El trabajo, en un caso, y el reconocimiento que merecen quienes estuvieron en la guerra y perdieron sus vidas, y los que sobrevivieron. En todos las situaciones, sus derechos fueron y siguen siendo, en muchos casos, doblegados.
A eso se refirió un una parte de su discurso, Juan Schroh, presidente del Centro de Veteranos y Caídos en la Guerra de Malvinas “Callvú Leuvu” (ver nota aparte).
“Emotivo”  
Los fabriqueros participaron ayer del acto, portando su bandera de identificación, y  también estuvieron en la Vigilia por Malvinas.
Jorge Menchaca, uno de los trabajadores de la fábrica de pólvoras y explosivos cerrada, contó que vivió el acto de manera “muy emotiva”.
Relató que, si bien de manera personal, suele estar presente en los actos de los héroes Malvinas, “hoy nos encontramos con otro escenario”.
El año pasado para esta misma fecha estaban trabajando y no había cerrado la planta, y ayer los encontró con un acampe luego de 95 días de lucha por recuperar sus fuentes laborales.
Ayer se encontraron en una ceremonia a la que también calificó como emotiva porque “están mis compañeros acá”.
95 días    
“Hoy llevamos 95 días acá y seguimos resistiendo y vamos a seguir resistiendo, hasta tanto se reabra nuevamente la fábrica porque nosotros queremos volver a trabajar, pero principalmente que se abra la fábrica”, aseguró Menchaca.
Hace entonces 95 días que conviven con el monumento a los caídos cerca.
“Hemos estado en las vías, en la ruta, hemos hecho movilizaciones y hace 95 días que estamos acá y seguimos con los compañeros que quedamos”, reflexionó.
“Comunión”    
El acercamiento con los veteranos de guerra de Azul va más allá de lo que significa a los sentimientos de los argentinos el monumento.
Desde el Centro de Veteranos los invitaron al acto y “el presidente estuvo conversando mucho con nosotros”.
En esta relación que han entablado se apoyan mutuamente con la presencia y pequeños gestos tales como que desde el Centro de Veteranos pusieron plantas este año para esta conmemoración y los fabriqueros “se las cuidamos”.
Es decir, “nos ayudamos y ellos nos ayudan a nosotros, es todo en comunión”.
“Schroh viene siempre a tomar mates con nosotros, nos cuenta sus peripecias y lo que han pasado en Malvinas y la verdad ha sido muy triste”, expresó.
Por eso Menchaca repitió al hablar con El TIEMPO que nos “emociona mucho esto”.
Incluso manifestó a este diario que lo felicitó a Juan Schroh porque “hizo un discurso acorde a estos tiempos indudablemente”.

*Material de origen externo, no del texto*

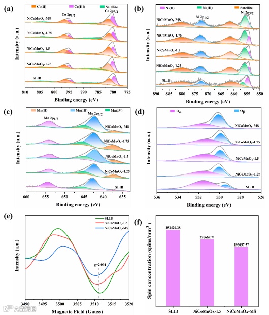 XPS结果表明使用废旧锂离子电池为原料制备的NiCoMnOx-1.5催化剂表面Co3+和Mn4+含量最高,有利于增强NO氧化为NO2的能力,进一步促进“快速SCR反应”。废旧锂离子电池阴极材料(SLIB)表面的氧缺陷浓度最高,这与废旧锂离子电池重复充放电过程有关。使用草酸酸浸和热处理后制备的NiCoMnOx-1.5催化剂表面的氧缺陷减少,这表明酸浸过程破坏了原有的氧缺陷,但其浓度仍高于使用金属盐为原料制备的催化剂(NiCoMnOx-MS),证明了使用锂离子电池为原料的优越性。EPR实验定量分析结果表明催化剂表面氧空位的自旋浓度顺序为SLIB > NiCoMnOx-1.5 > NiCoMnOx-MS,与XPS的结果一致。

Un acampe y un monumento, dos símbolos de la lucha, que conviven hace 95 días.


“ESTAMOS CON UN ACAMPE, QUE NO TENDRÍA QUE ESTAR”

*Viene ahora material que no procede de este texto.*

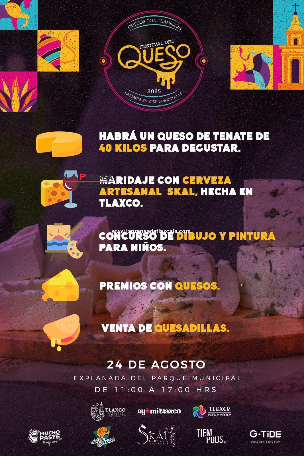 Este 24 de agosto de 2025 La Feria de San Agustín Tlaxco se alista para vivir una de sus jornadas más emblemáticas con la realización del Festival del Queso 2025, en la Explanada del Parque Municipal, de 11:00 a 17:00 horas.

“Como dijo el presidente del Centro de Veteranos, sin guerra y con diálogo, hay que apostar a resolver todos los problemas que hay hoy en día en nuestro país”, expresó Laporte.


Una vez finalizado el acto, Marcelo Laporte, delegado de los fabriqueros, también habló con este medio y expresó que “la verdad que esto te llega muy adentro. Nosotros, lamentablemente, estamos con un acampe al costado, que no  tendría que estar en este reconocimiento a lo que han hecho los héroes de Malvinas”.
“Estuvimos también con ellos en la vigilia y nos agradecían por acompañarlos y es lo que tenemos que hacer. La verdad es que tendría que haber habido mucha más gente”, opinó.
Evaluó que “lo nuestro es un granito de arena ante semejante conflicto que han tenido los muchachos, pero nos da fuerza y el ejemplo para seguir luchando, y, como dijo el presidente del Centro de Veteranos, sin guerra y con diálogo, hay que apostar a resolver todos los problemas que hay hoy en día en nuestro país”.
Laporte contó que se han apoyado mutuamente con los “muchachos de Malvinas”, como los llama.
“No sé si apoyo es la palabra, pero debemos venir y estar en estos momentos tan especiales para ellos”, sostuvo.
Confesó además que “yo era uno de los que no estaba interiorizado en la problemática de ellos y la verdad es que nosotros estamos pidiendo trabajo y a ellos hay muchas cosas que les prometen y no les han dado”.
 “SE ESTÁ HACIENDO LARGO”

“Esta semana tiene que pasar algo”, resaltó Jorge Menchaca.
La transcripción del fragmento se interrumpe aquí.